Commentaire • 0
Sur la décision
| Référence : | TJ Bordeaux, tprox cont. general, 27 janv. 2025, n° 24/00323 |
|---|---|
| Numéro(s) : | 24/00323 |
| Importance : | Inédit |
| Dispositif : | Fait droit à une partie des demandes du ou des demandeurs sans accorder de délais d'exécution au défendeur |
| Date de dernière mise à jour : | 5 mai 2025 |
| Lire la décision sur le site de la juridiction |
Texte intégral
TRIBUNAL de PROXIMITE d’ARCACHON
[Adresse 10]
[Localité 5]
MINUTE:
N° RG 24/00323 – N° Portalis DBX6-W-B7I-ZYDL
Société [Adresse 6]
C/
[Y] [E]
Le
— Expéditions délivrées à
— SELAS DEFIS AVOCATS
— [Y] [E]
JUGEMENT
EN DATE DU 27 janvier 2025
PRÉSIDENT : Madame Martine TRUSSANT, Magistrat à titre temporaire chargée des fonctions de Juge des contentieux de la protection, au Tribunal de proximité d’ARCACHON
GREFFIER : Madame Betty BRETON, Greffier
DEMANDERESSE :
Société [Adresse 6] , inscrite au RCS de [Localité 7] sous le n° 755 501 590 venant aux droits de la Caisse régionale de crédit martime mutuel du littoral du sud ouest
[Adresse 2]
[Localité 4]
Représentée par Maître Emmanuelle GERARD-DEPREZ de la SELAS DEFIS AVOCATS
DEFENDEUR :
Monsieur [Y] [E]
né le [Date naissance 1] 1968 à [Localité 9] SENEGAL
[Adresse 3]
[Localité 5]
Absent
DÉBATS :
Audience publique en date du 26 Novembre 2024
PROCÉDURE :
Articles 480 et suivants du code de procédure civile.

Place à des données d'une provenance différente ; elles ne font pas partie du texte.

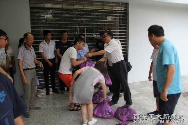 在慰问现场,陈桦首先看望了辛勤工作的教职工,对大家的敬业表达了衷心的感谢。并为大家送上了西瓜、绿豆、白糖等防暑降温品。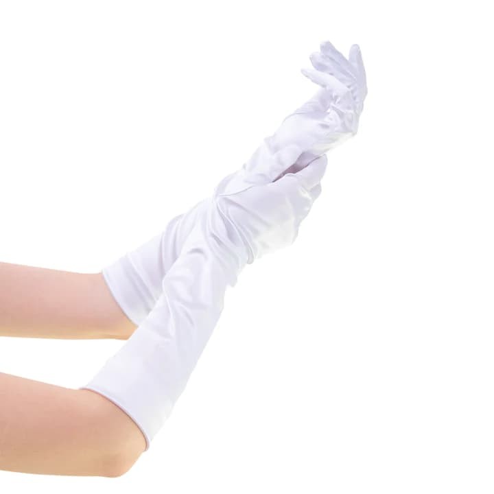 Satynowe rękawiczki w kolorze białym mają długość ok. 40 cm. W opakowaniu znajduje się 1 para rękawiczek.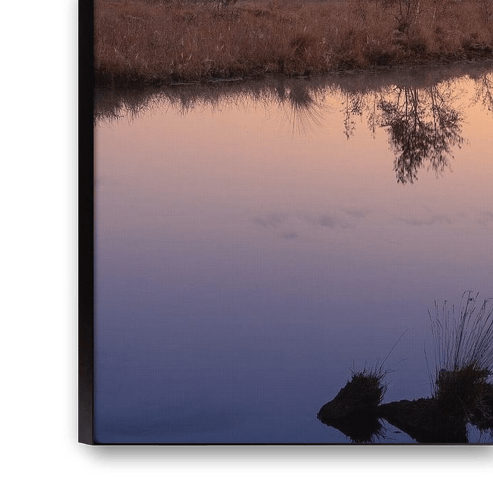 Une belle photo d'une tourbière de Drenthe sur le Dwingelderveld, par un matin sans vent et brumeux. Juste avant le lever du soleil, avec de belles couleurs dans le ciel. Les arbres se reflètent dans l'eau. Tout comme les nuages. La photo a été prise le matin du 25 septembre 2022, au Dwingelderveld en Drenthe.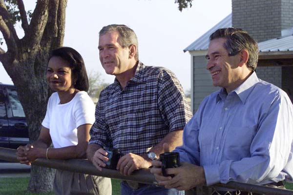 | CRAWFORD Gouverneur van Texas en presidentskandidaat George W. Bush, op zijn ranch met adviseurs op het vlak van buitenlands beleid Condoleezza Rice (l.) en Paul Wolfowitz. De opiniepeilingen wijzen sinds kort op een verschuiving van de kiezersgunst richting zijn Democratische rivaal Al Gore.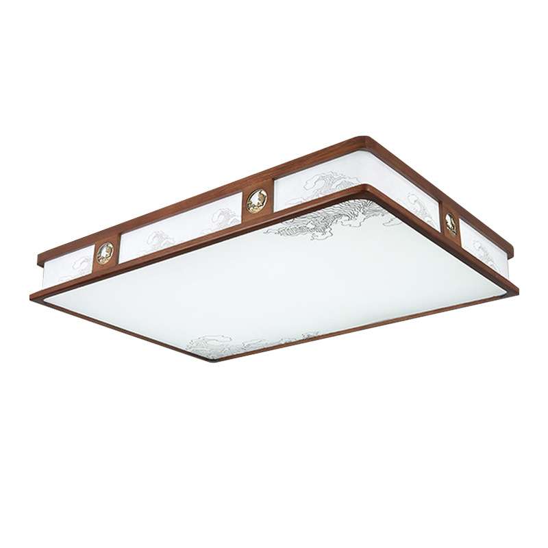 新中式客厅吸顶灯简约大气胡桃木色灯具创意实木长方形led卧室灯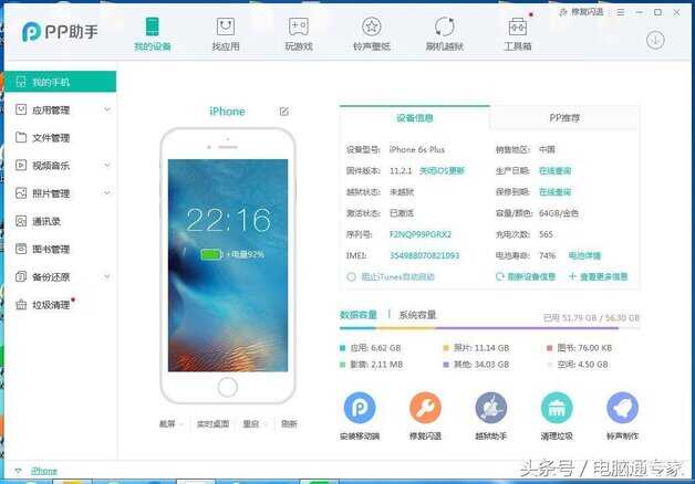 这时你就可以把你的苹果手机插入电脑进行连接了,打开PP助手,手机点击信任,PP助手里面就会显示你手机的一些信息了哦。见下图。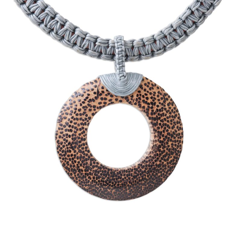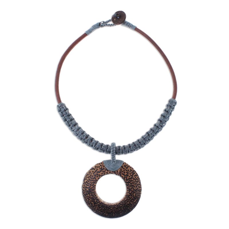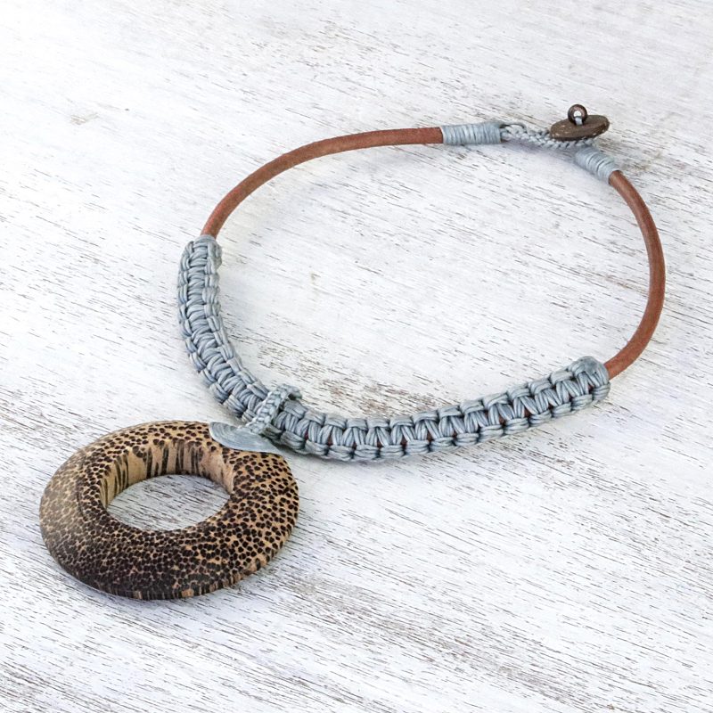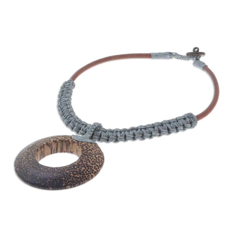 Backed by our 100% Happiness GuaranteeAdorn your outfits with a nature-inspired accessory, handcrafted by Thailand artisan Sasithon Saisuk. Gorgeous waxed cord in a cool grey hue is handwoven around genuine leather. An alluring coconut wood pendant graces the necklace.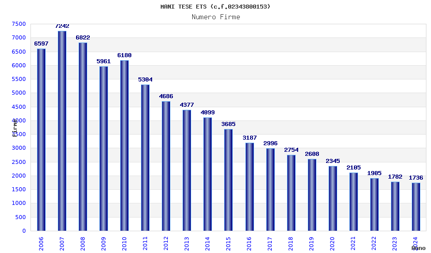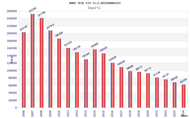 | Anno | Firme | Importi | Media | Naz. | Reg. | Prov. | Comu. |

QUALIFICATION DU JUGEMENT :
Réputé contradictoire
EXPOSÉ DU LITIGE :
Suivant offre préalable acceptée le 20 mars 2018 par signature électronique, la CAISSE REGIONALE DE CREDIT MARITIME MUTUEL DU LITTORAL DU SUD OUEST, devenu la [Adresse 6] a consenti à Monsieur [Y] [E] un prêt personnel n°44393657829001 d’un montant de 25000€ remboursable par 84 mensualités de 378,66€ après une 1ère mensualité de 402,01€ hors assurance au taux nominal conventionnel de 5,45 %
Par courrier recommandé avec accusé de réception en date du 29 janvier 2024, la BANQUE POPULAIRE AQUITAINE CENTRE ATLANTIQUE a mis en demeure Monsieur [Y] [E] de s’acquitter des échéances impayées avant déchéance du terme.
Par acte d’huissier en date du 3 octobre 2024, la [Adresse 6] a fait assigner Monsieur [Y] [E] devant le juge des contentieux de la protection du tribunal de proximité d’ ARCACHON et demande de :
— condamner Monsieur [Y] [E] à lui payer la somme de 10996,39€ assortie des intérêts au taux conventionnel de 5,45 % à compter du 29/01/2024, date de la mise en demeure,
— condamner Monsieur [Y] [E] à lui payer la somme de 800,00€ sur le fondement de l’article 700 du code de procédure civile, outre les entiers dépens.
L’affaire a été plaidée à l’audience du 26 novembre 2024,
La BANQUE POPULAIRE AQUITAINE CENTRE ATLANTIQUE, représentée par son avocat, a maintenu les demandes formées dans son assignation.
Cités par acte régulièrement délivré à étude, Monsieur [Y] [E] n’a pas comparu ni été représenté.
L’affaire est mise en délibéré au 27 janvier 2025.
MOTIFS
Sur la non comparution du défendeur
En application des dispositions de l’article 472 du code de procédure civile, lorsque le défendeur ne comparaît pas, il est néanmoins statué sur le fond, le juge ne faisant droit à la demande que s’il l’estime recevable, régulière et bien fondée.
Le défendeur non comparant ayant été régulièrement assigné à domicile et ayant disposé d’un temps suffisant pour organiser sa défense, il y a lieu de statuer par jugement réputé contradictoire.
Le crédit litigieux est soumis aux dispositions des articles L.311-1 et suivants du Code de la Consommation dans leur rédaction postérieure à l’entrée en vigueur le 1er mai 2011 de la loi n°2010-737 du 1er juillet 2010, dite loi [Localité 8].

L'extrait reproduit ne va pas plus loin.